Check \(\hat{\delta}\) in the null world

Does the estimate we found in the IMDB data (\(\hat{\delta}\) = -0.73) fit well into the world where the true difference \(\delta\) is 0? Not really.

ggplot(data.frame(differences), aes(x = differences)) +
  geom_histogram() +
  geom_vline(xintercept = -0.73, color = "red", size = 1, linetype = "dashed") +
  labs(title = "Distribution of Rating Differences",
       x = "Mean Rating Difference (Action - Comedy)",
       y = "Frequency") +
  theme_minimal()

So, again, are action movies better than comedies?

  • We can now pretty confidently say that in a world where there is no difference, observing what we observed is super unlikely.

  • Therefore, we’re pretty confident that in fact there is a difference.

  • (We still don’t know what the true difference is, but at least we can say it’s unlikely to be 0)

  • 🎉 Congratulations, if you got that, you got the whole intuition behind hypothesis testing.

All this is good, but how (un)likely exactly is it to observe our \(\hat{\delta}\) in the null world?

That is where the central limit theorem and theoretical distributions come into play…

The central limit theorem

You have seen before the estimated mean differences of our imaginary samples (the \(\hat{\delta}s\)), somehow magically, form a curve that is…

  • bell-shaped
  • centered around the true value (\(\delta\)), which in our case was 0.
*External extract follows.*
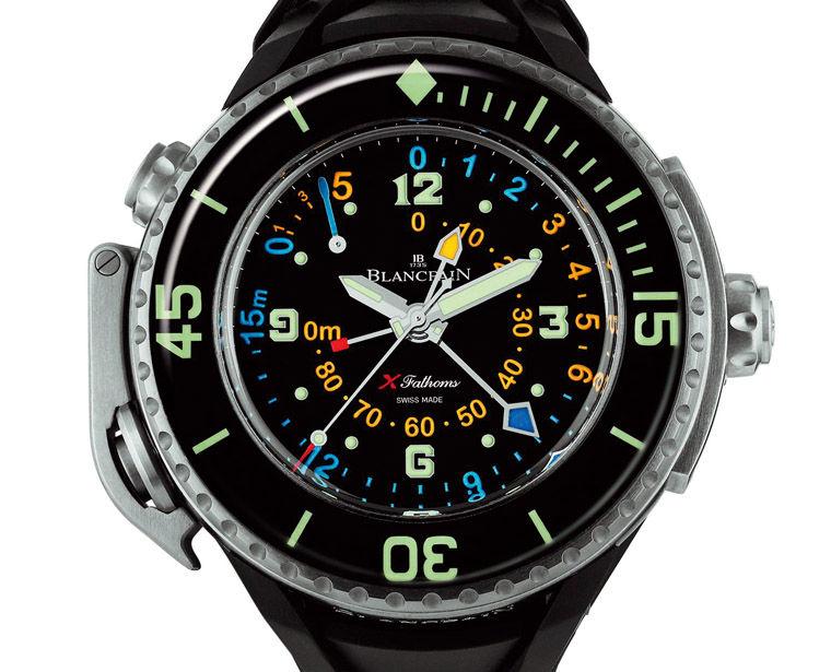 X Fathoms概念表集结多项全球首创技术:可计算达90米的深度,并记录下潜的最大深度;另外独立出的0~15米潜水刻度显示,其误差值仅在30公分上下;减压所使用的5分钟逆跳停止计时功能。X Fathoms搭载9918B机芯,为宝珀工坊所打造 Cal.1315机芯的延续,已成功运用至数款五十噚系列之作中。

This distribution of estimates is also called the sampling distribution.

The central limit theorem states that, with many observations, the sampling distribution approximates a normal distribution.

Theoretical distributions

Quick recap

  • Remember our problem: We were not sure how (un)likely exactly our observation was in the Null world

  • Thanks to the central limit theorem, we know that sampling distributions approximate theoretical distributions.
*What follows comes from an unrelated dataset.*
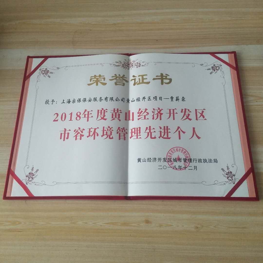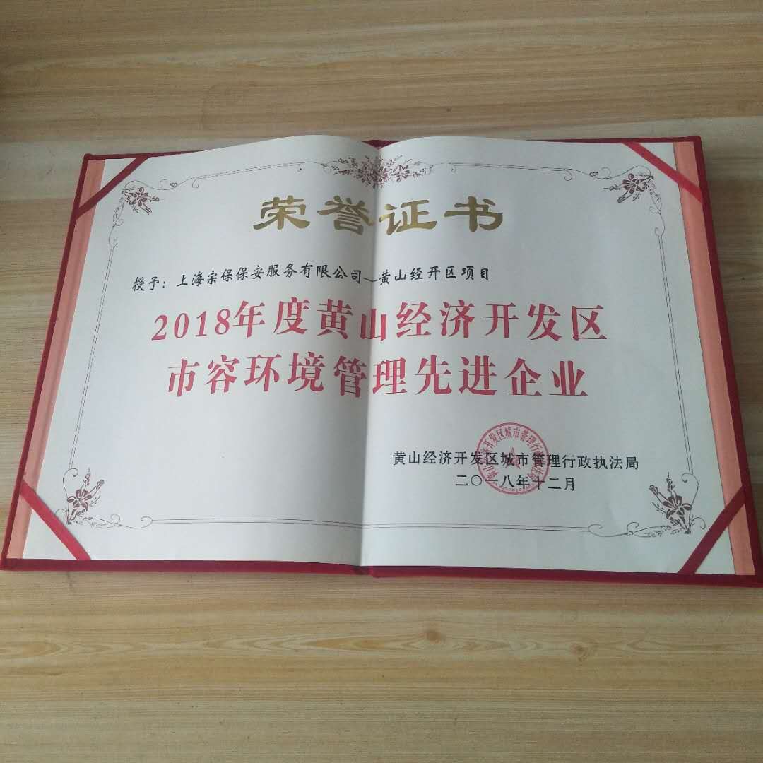 2019年2月2日,黃山經(jīng)濟(jì)開(kāi)發(fā)區(qū)城市管理行政執(zhí)法局劉局長(zhǎng),為上海宗保頒發(fā)“2018年度黃山經(jīng)濟(jì)開(kāi)發(fā)區(qū)市容環(huán)境管理先進(jìn)企業(yè)”及“2018年度黃山經(jīng)濟(jì)開(kāi)發(fā)區(qū)市容管理先進(jìn)個(gè)人”榮譽(yù)證書(shū)

  • And for theoretical distributions, thanks to math, we know exactly how likely a certain value is 🎉

The most famous bell-shaped distribution is the (standard) normal distribution.

The standard normal distribution is centered around 0 and has a standard deviation of 1.

We know, e.g., that 99% of the distribution lie between \(\pm\) 2.58

Or that 95% of the distribution lie between \(\pm\) 1.96

Now, all we need to do is bring our sampling distribution on the scale of a standard normal distribution.

Now, all we need to do is bring our sampling distribution on the scale of a standard normal distribution.

We achieve this by

  1. Subtracting the mean from all values (in our case, that is 0, so nothing happens)
differences_mean_centered <- differences - mean(differences)

In our case, that is (almost) 0, so not much happens

mean(differences)
[1] 0.006633846

Now, all we need to do is bring our sampling distribution on the scale of a standard normal distribution.

We achieve this by

  1. Subtracting the mean from all values

  2. Dividing by the standard deviation

differences_scaled <- differences_mean_centered / sd(differences_mean_centered)

Since the sd is small than 1, our values become bigger

sd(differences_mean_centered)
[1] 0.03814568

Instead of a histogram, we can use a density plot (which uses the same y-axis as the normal distribution, namely density)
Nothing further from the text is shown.